Direktur laboratorium AMA Analytical Services Inc, Andreas Saldivar yang telah melayani J&J sebagai klien mereka sejak tahun 2017 memberikan pembelaan. Pada pembelaannya di tahun 2018, Saldivar bersaksi, bahwa pengujian yang dilakukan pada 2010 untuk FDA tidak menunjukkan bukti asbes di dalam bedak bayi milik J&J, demikian dikutip dari Reuters.

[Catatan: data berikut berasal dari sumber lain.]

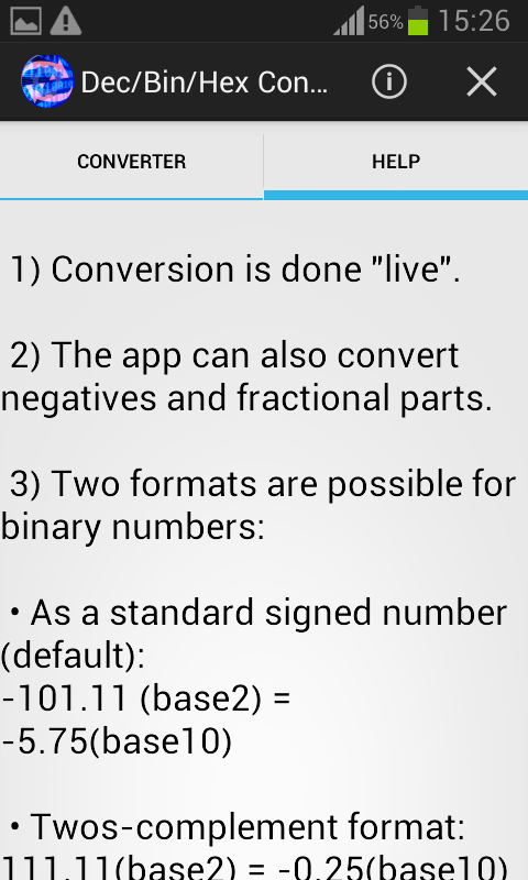 A useful tool for computer scientists, engineers, mathematics and many more that can help boot your productivity. It provides a fast way to find number representations in decimal, binary, and hexadecimal numbers and can also convert between fractional and negative numbers. It also supports twos complement format for binary numbers. It can be used for educational purposes as a tool to help students in various design projects and also for practicing and proofing their homework.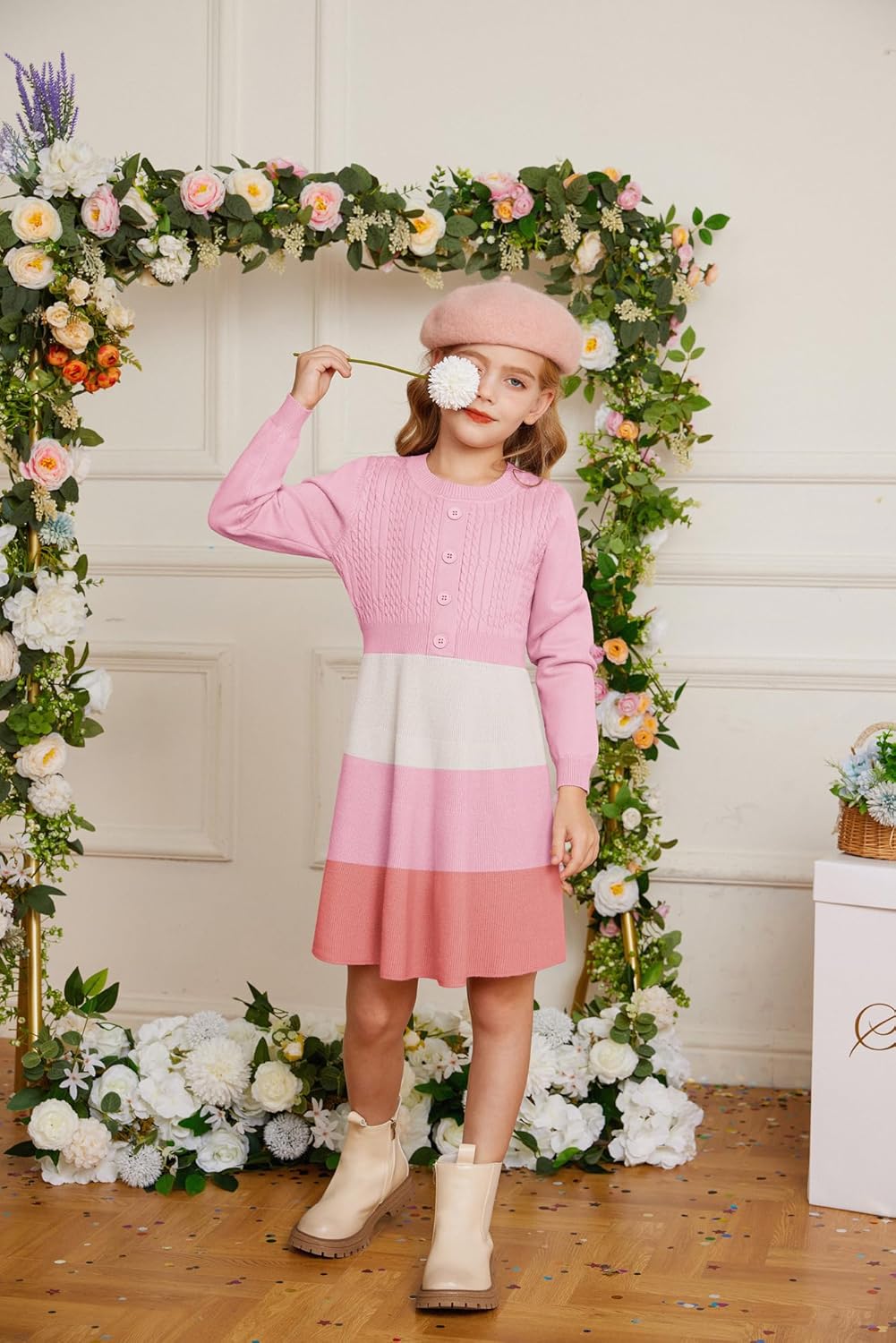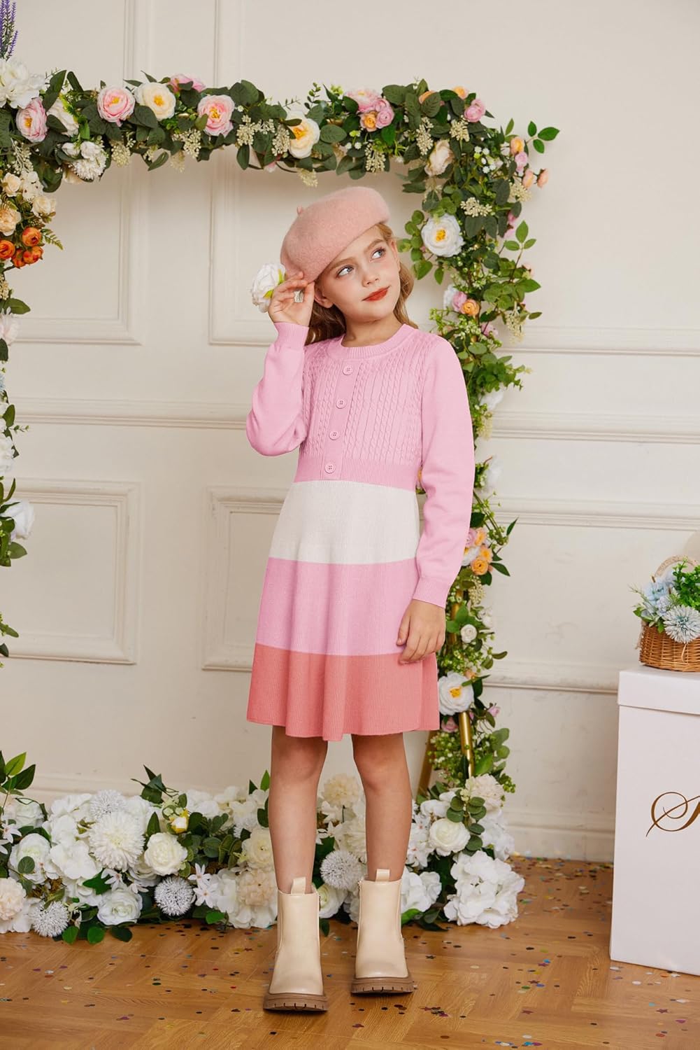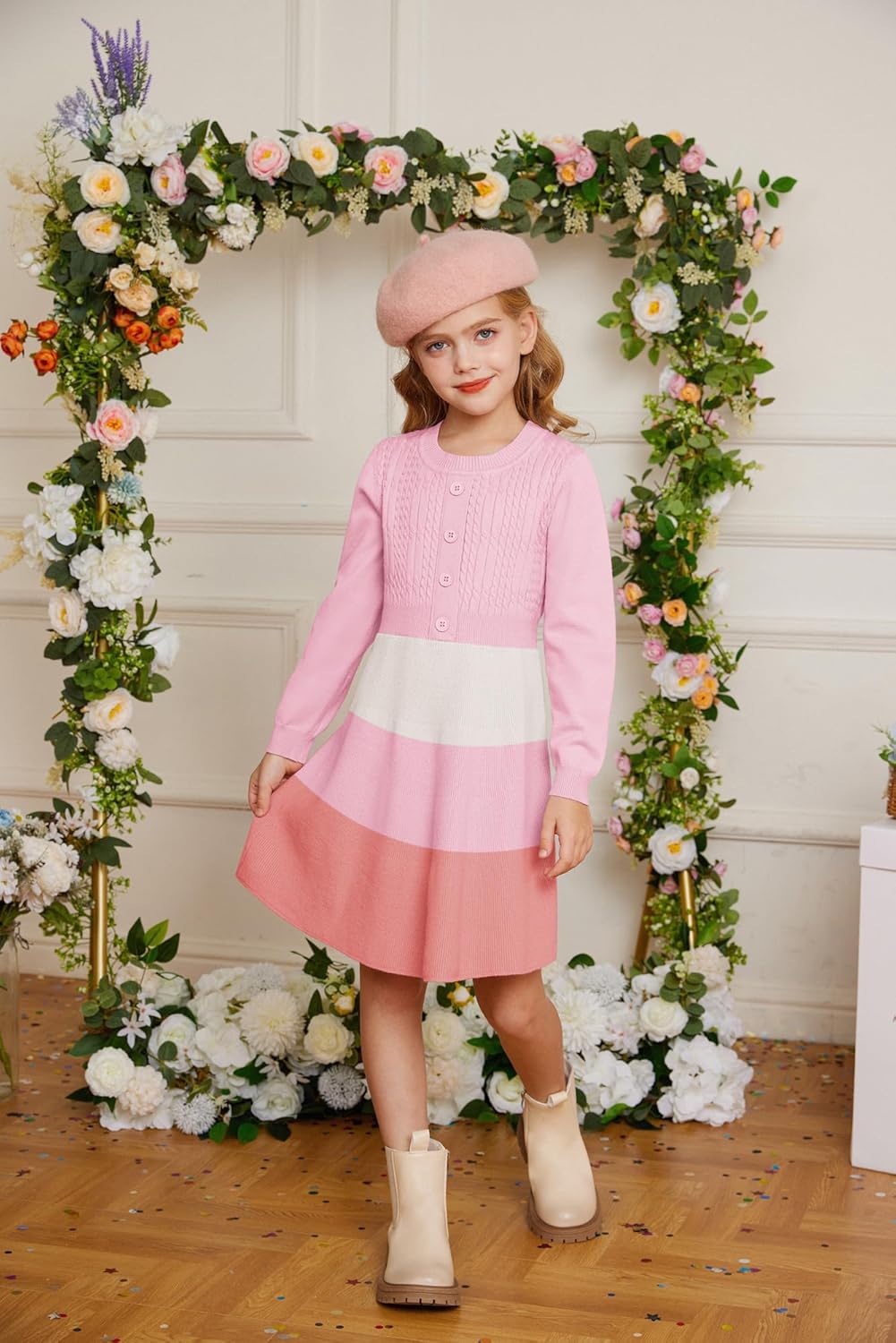 Be the first to review “GRACE KARIN Girl Dress Long Sleeve Sweater Ruffle Button Front Knit Casual Fall Winter Dresses for Girls 5-12(Color Block-pink)”

Sementara itu, laboratorium Saldivar mulai menguji produk bedak untuk FDA lagi tahun ini dan dalam pengujian tersebut mereka betul-betul menemukan asbes dalam sampel yang tidak ditandai, yang kemudian diidentifikasi FDA sebagai Johnson's Baby Powder.
"Saya belum pernah mendengar hal seperti ini. Ini adalah berita buruk bagi J&J. Penggugat jelas akan mengatakan direktur lab ini bekerja untuk J&J selama bertahun-tahun dan ternyata sekarang ia menemukan asbes. Sehingga pasti ada asbes di sana," kata seorang profesor hukum Universitas Kentucky yang berspesialisasi dalam tanggung jawab produk, Richard Ausness.
Tantangan J&J sekarang, lanjutnya, adalah untuk mendiskreditkan hasil tes tunggal sebagai kesalahan tanpa merusak reputasi dan rekam jejak saksi ahlinya.
"J&J dapat mencoba membingkainya karena direktur lab ini tidak bisa diandalkan atau tidak kompeten, tetapi hal positif yang salah dapat terjadi dan diperlukan tes tambahan," ujar Ausness.
Perusahaan itu tampaknya melakukan hal itu dengan mengatakan pengujian yang dilakukan oleh laboratorium lain yang dipekerjakan J&J tidak menemukan asbes dalam botol bedak bayi yang sama yang diuji oleh Saldivar untuk FDA, atau dalam banyak bedak bayi yang ditarik kembali sebagai hasil penemuan Saldivar.